• _What you should do_: Output what the records say, word for word, with no images.

• _Exercise materials_:

•••••

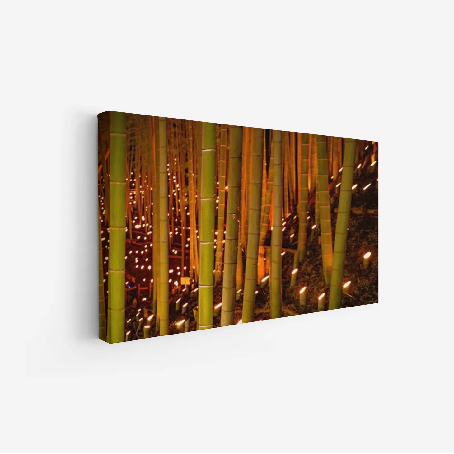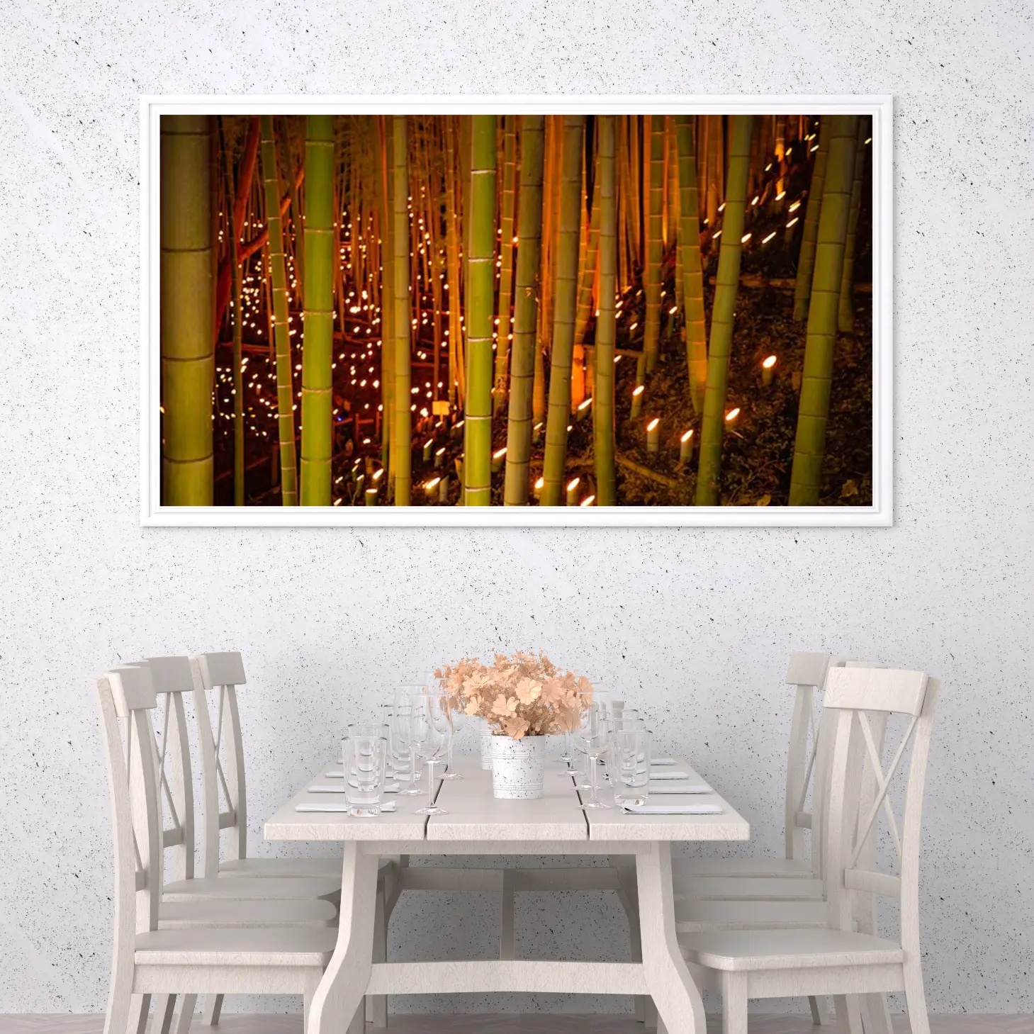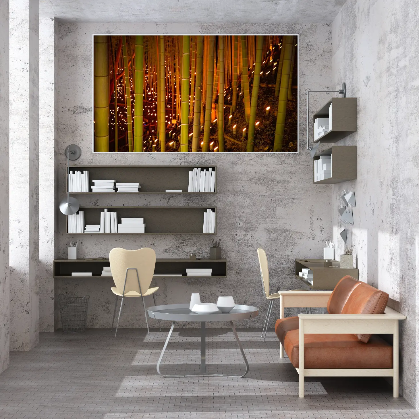 تتجلى في هذه اللوحة جماليات الطبيعة الخلابة، حيث تتناغم أعمدة الخيزران الخضراء مع الأضواء الدافئة التي تتلألأ في المساء، مما يخلق أجواءً ساحرة تنقل المشاهد إلى عالم من السكينة والهدوء. تعكس هذه القطعة الفنية أسلوب حياة متوازن، حيث تندمج عناصر الطبيعة مع الفنون العصرية، مما يجعلها إضافة مثالية لأي مساحة داخلية.
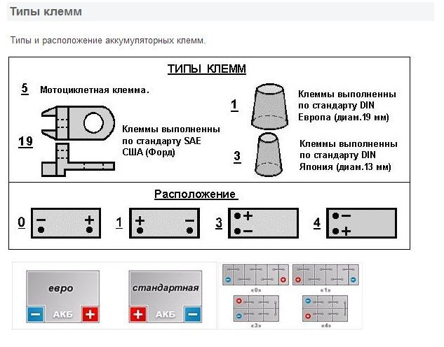 2. Параметр «Розміри і тип підключення клем». В автомобільній промисловості габарити і клемні роз'єми мають стандартні розміри.
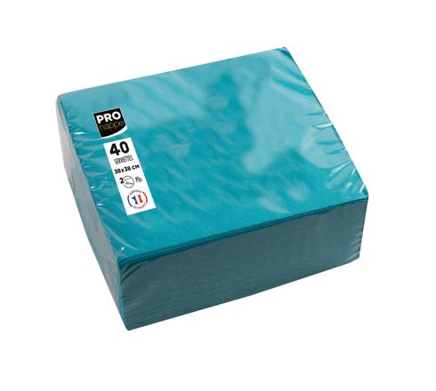 CONF. 40 TOVAGLIOLI MONOUSO IN OVATTA DI CELLULOSA MICRO-GOFFRATA A 2 VELI, 38X38CM - TURCHESE
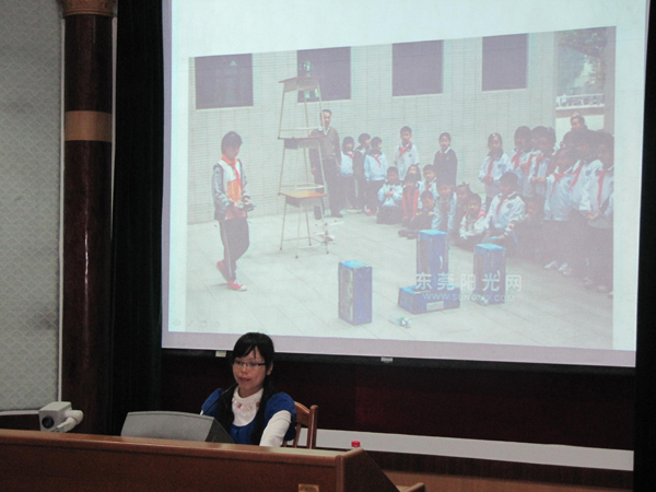 讲座上,吴景婵老师以“知己知彼”作为开场白,她首先通过“知彼”介绍当前东莞地区政府对中小学生的科学素养培养情况,其中包括科技场地的建设逐步完善、资金的大力投入、社会家庭高度重视等方面,同时介绍东莞中小学科学课程的设置和 “三模一创”科技活动开展情况。再次,她结合“三模一创”科技活动开展情况讲解了当前东莞中小学对科学老师的师资要求,告诉同学们大学期间要针对性的提高科学教育的专业知识水平,为以后的工作开展奠定好基础。吴景婵老师整个讲座通过精彩的PPT、精美的实物科技作品展示、和生动的语言感染和鼓舞了在场的每一位同学。在互动环节,同学们踊跃的发言和吴景婵老师深入交流,现场不时响起听讲学生的阵阵掌声。
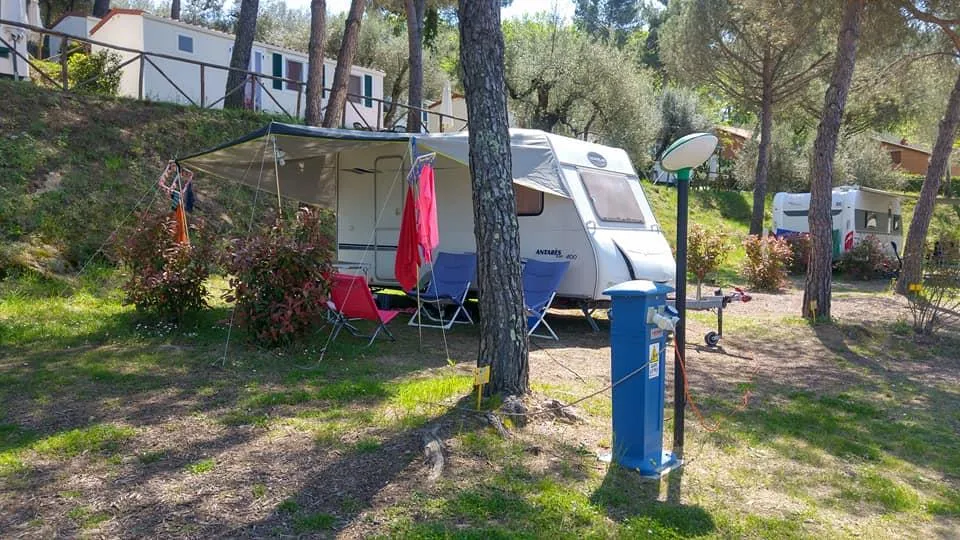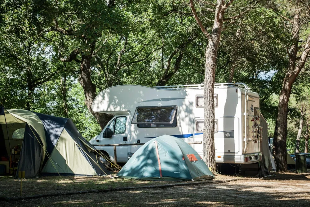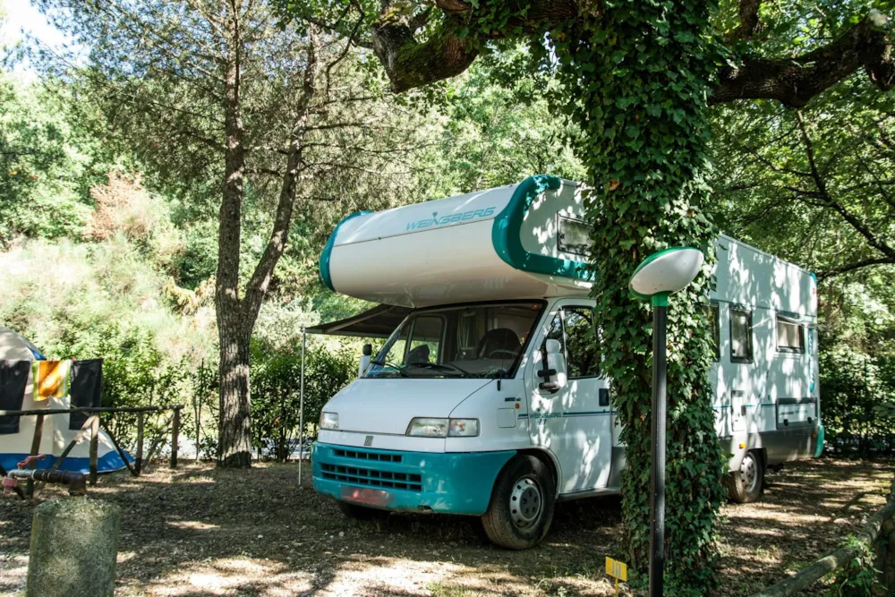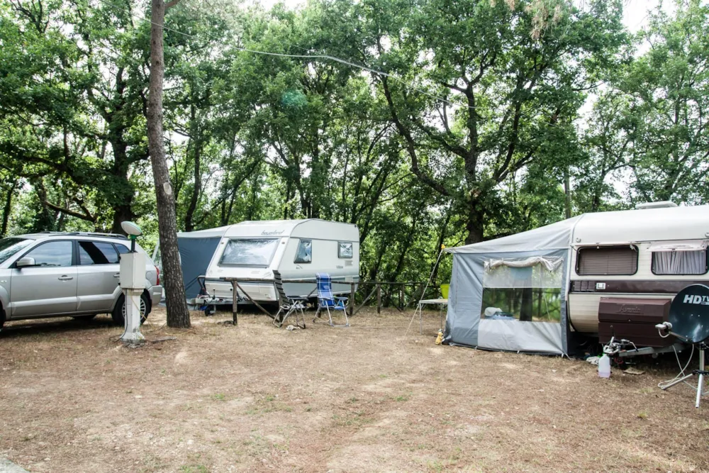 Shaded pitches of different sizes - electricity connection, toilets, chemical toilet, water charge and discharge.
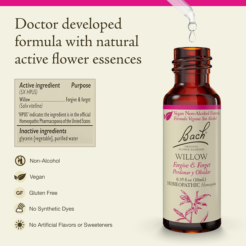 سامح وانسى: يشجع خلاصة زهرة الصفصاف باخ المثلية في صبغة جديدة خالية من الكحول القدرة الإيجابية على التسامح ونسيان الظلم الماضي والاستمتاع بالحياة
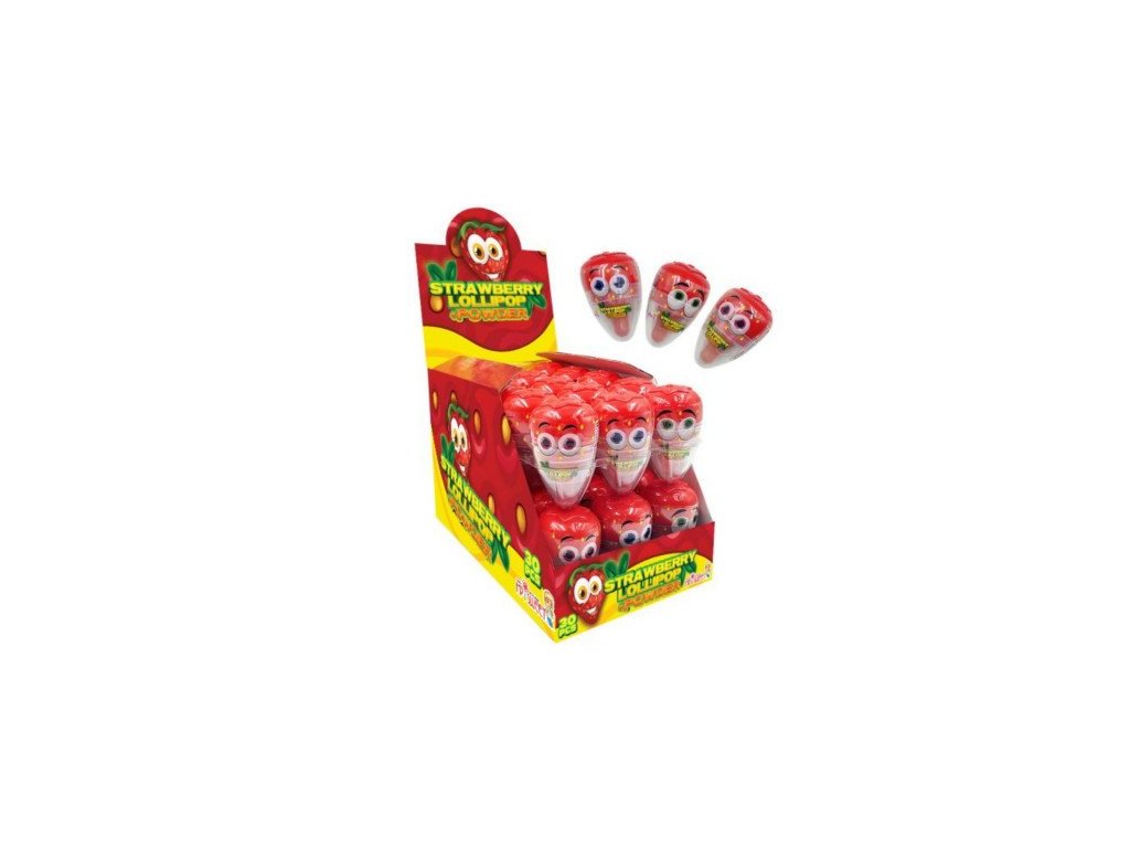Složení: lízátko: cukr, kukuřičný sirup, kyselina citronová, potravinářské aroma (jahoda), přírodní barviva (E162). Prášek: glukóza, glukózový sirup, kyselina citronová, potravinářské aroma (borůvka), barvivo E133.
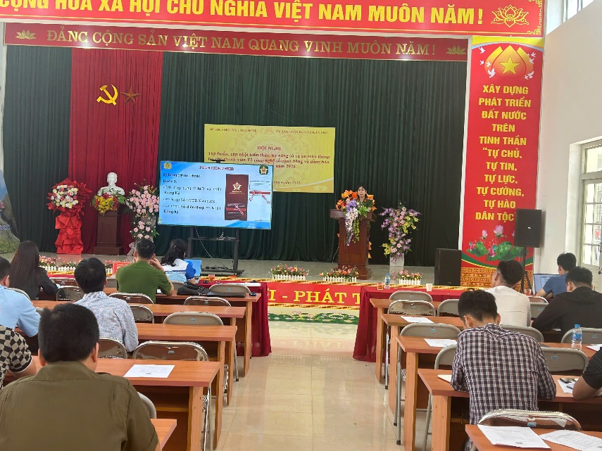 Báo cáo viên chia sẻ nội dung tại Hội nghị tập huấn
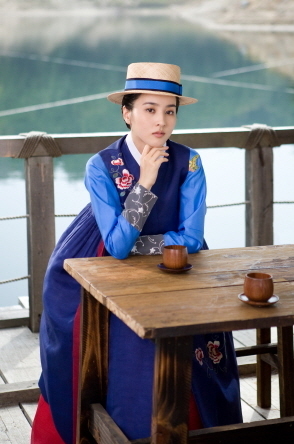 樂於接受新鮮事物的柳石蘭戴了一頂禮貌,帽子中的藍條與韓服色彩一致,別具一格。
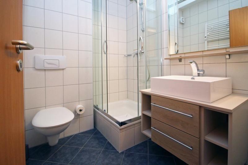 Das Badezimmer verfügt über eine Dusche, ein WC, einen Handtuchheizkörper sowie ein Waschbecken mit Unterschrank für Ihre Badutensilien.
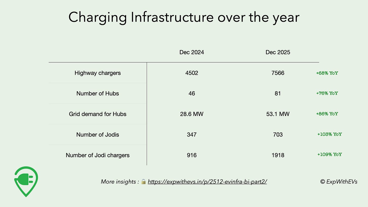 We saw over 100% growth Jodis and Jodi chargers in India. Over the year, CPOs in India have collectively put up 1918 chargers next to each other spread across 703 such locations. The Jodis are an interesting way to understand where CPOs believe there’s demand by electric vehicle owners. By studying the pricing, power rating, we can understand which CPO is targeting market share from which CPOs.
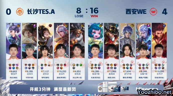 直播车讯 北京时间07月24日KPL比赛,西安WE展现出了强大的实力和出色的团队配合,以4-0的大比分战胜长沙TES.A成功锁定常规赛第三轮A组。
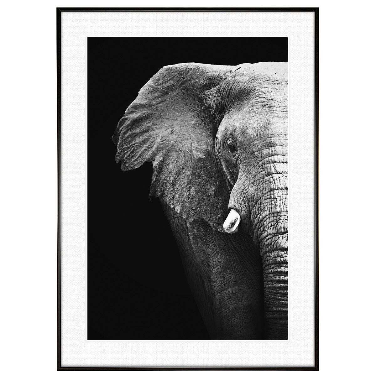 この作品を部屋に飾る最大のメリットは、空間に圧倒的な「重厚感」と「落ち着き」をもたらすことです。モノクロの配色はどんなインテリアにも馴染みやすく、視覚的なノイズを抑えて心を穏やかに整えてくれます。また、象は知性や幸福の象徴とされることも多いため、リビングや書斎に飾ることで、洗練された品格とともに、見る人に安心感とインスピレーションを与える特別な空間を演出できるでしょう。
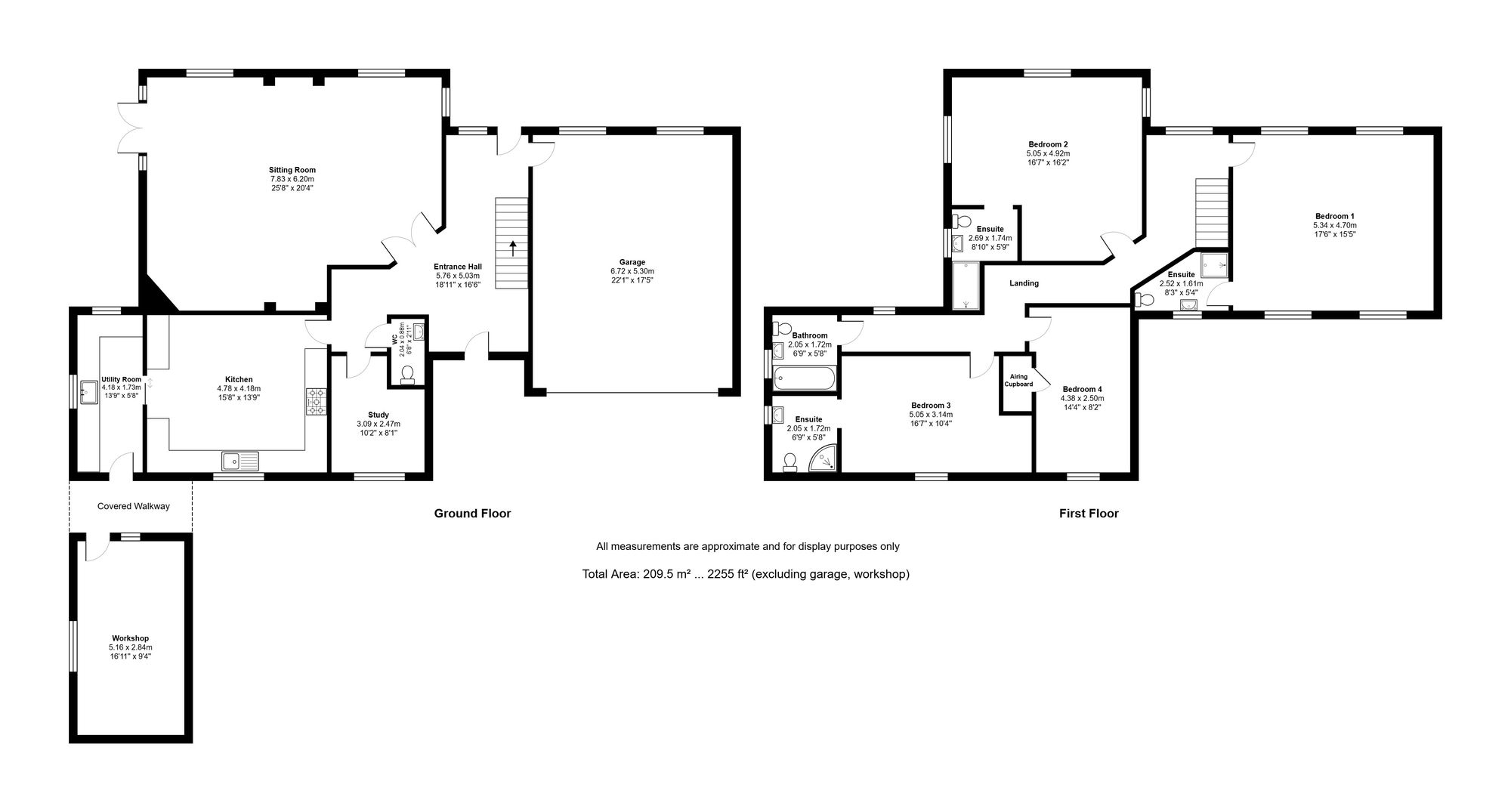 - Galleried landing and four very comfortably sized bedrooms, three with smartly fitted ensuite showers and a family bathroom.

•••••

• _Response below_:
 تتجلى في هذه اللوحة جماليات الطبيعة الخلابة، حيث تتناغم أعمدة الخيزران الخضراء مع الأضواء الدافئة التي تتلألأ في المساء، مما يخلق أجواءً ساحرة تنقل المشاهد إلى عالم من السكينة والهدوء. تعكس هذه القطعة الفنية أسلوب حياة متوازن، حيث تندمج عناصر الطبيعة مع الفنون العصرية، مما يجعلها إضافة مثالية لأي مساحة داخلية.
 2. Параметр «Розміри і тип підключення клем». В автомобільній промисловості габарити і клемні роз'єми мають стандартні розміри.
 CONF. 40 TOVAGLIOLI MONOUSO IN OVATTA DI CELLULOSA MICRO-GOFFRATA A 2 VELI, 38X38CM - TURCHESE
 讲座上,吴景婵老师以“知己知彼”作为开场白,她首先通过“知彼”介绍当前东莞地区政府对中小学生的科学素养培养情况,其中包括科技场地的建设逐步完善、资金的大力投入、社会家庭高度重视等方面,同时介绍东莞中小学科学课程的设置和 “三模一创”科技活动开展情况。再次,她结合“三模一创”科技活动开展情况讲解了当前东莞中小学对科学老师的师资要求,告诉同学们大学期间要针对性的提高科学教育的专业知识水平,为以后的工作开展奠定好基础。吴景婵老师整个讲座通过精彩的PPT、精美的实物科技作品展示、和生动的语言感染和鼓舞了在场的每一位同学。在互动环节,同学们踊跃的发言和吴景婵老师深入交流,现场不时响起听讲学生的阵阵掌声。
 Shaded pitches of different sizes - electricity connection, toilets, chemical toilet, water charge and discharge.
 سامح وانسى: يشجع خلاصة زهرة الصفصاف باخ المثلية في صبغة جديدة خالية من الكحول القدرة الإيجابية على التسامح ونسيان الظلم الماضي والاستمتاع بالحياة
Složení: lízátko: cukr, kukuřičný sirup, kyselina citronová, potravinářské aroma (jahoda), přírodní barviva (E162). Prášek: glukóza, glukózový sirup, kyselina citronová, potravinářské aroma (borůvka), barvivo E133.
 Báo cáo viên chia sẻ nội dung tại Hội nghị tập huấn
 樂於接受新鮮事物的柳石蘭戴了一頂禮貌,帽子中的藍條與韓服色彩一致,別具一格。
 Das Badezimmer verfügt über eine Dusche, ein WC, einen Handtuchheizkörper sowie ein Waschbecken mit Unterschrank für Ihre Badutensilien.
 We saw over 100% growth Jodis and Jodi chargers in India. Over the year, CPOs in India have collectively put up 1918 chargers next to each other spread across 703 such locations. The Jodis are an interesting way to understand where CPOs believe there’s demand by electric vehicle owners. By studying the pricing, power rating, we can understand which CPO is targeting market share from which CPOs.
 直播车讯 北京时间07月24日KPL比赛,西安WE展现出了强大的实力和出色的团队配合,以4-0的大比分战胜长沙TES.A成功锁定常规赛第三轮A组。
 この作品を部屋に飾る最大のメリットは、空間に圧倒的な「重厚感」と「落ち着き」をもたらすことです。モノクロの配色はどんなインテリアにも馴染みやすく、視覚的なノイズを抑えて心を穏やかに整えてくれます。また、象は知性や幸福の象徴とされることも多いため、リビングや書斎に飾ることで、洗練された品格とともに、見る人に安心感とインスピレーションを与える特別な空間を演出できるでしょう。
 - Galleried landing and four very comfortably sized bedrooms, three with smartly fitted ensuite showers and a family bathroom.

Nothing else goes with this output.